Coincidentally today we read a euology in our book:

"…he simply did his duty in all things, and did it so cheerfully, so faithfully, that it kept him patient and brave, and happy through poverty and loneliness and years of hard work. He was a good son, and gave up his own plans to stay and live with his mother while she needed him. He was a good friend, and taught…much beside Greek and Latin, did it unconsciously, perhaps, by showing an example of an upright man. He was a faithful servant, and made himself so valuable to those who employed him that they will find it hard to fill his place. He was a good husband and father, so tender, wise, and thoughtful, that Laurie and I learned much of him, and only knew how well he loved his family, when we discovered all he had done for them, unsuspected and unassisted."
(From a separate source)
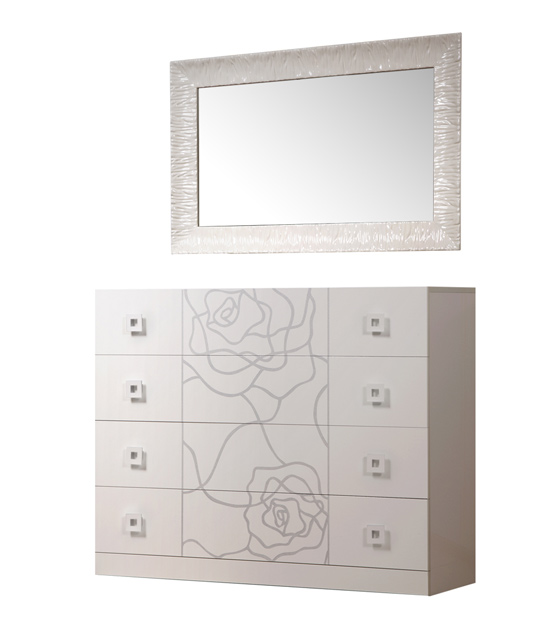 Комод «Роза» идет в комплекте вместе с зеркалом. Одной из его особенностей являются оригинальные квадратные ручки. Фасад модели декорирован цветочным узором.
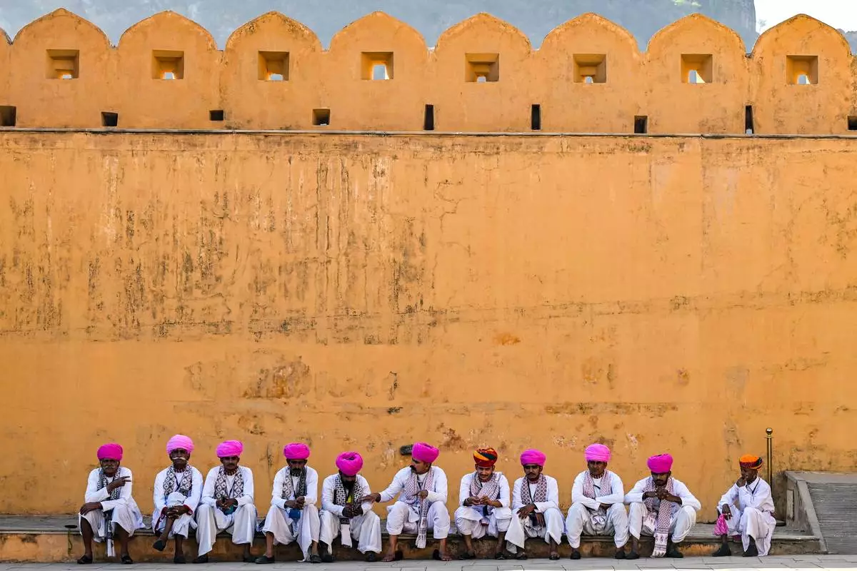 Men wearing traditional attire sit in the shade prior to conducting a cultural performance for U.S. Vice President JD Vance and his family at Amber Fort, a historical site, in Jaipur, India, Tuesday, April 22, 2025. (Kenny Holston/The New York Times via AP, Pool)

He never asked help for himself, though often for others, but bore his own burden and worked out his own task bravely and quietly. No one can say a word of complaint against him, so just and generous and kind was he; and now, when he is gone, all find so much to love and praise and honor, that I am proud to have been his friend, and would rather leave my children the legacy he leaves his than the largest fortune ever made. Yes! Simple, generous goodness is the best capital to found the business of this life upon. It lasts when fame and money fail, and is the only riches we can take out of this world with us."  Little Men

That first line holds the secret – doing it all cheerfully, kindly, and generously kept him patient, brave, and happy.  

The very things we balk at turned out to be the very things that make life better. Make us happier.  So it seems so much easier to just do it.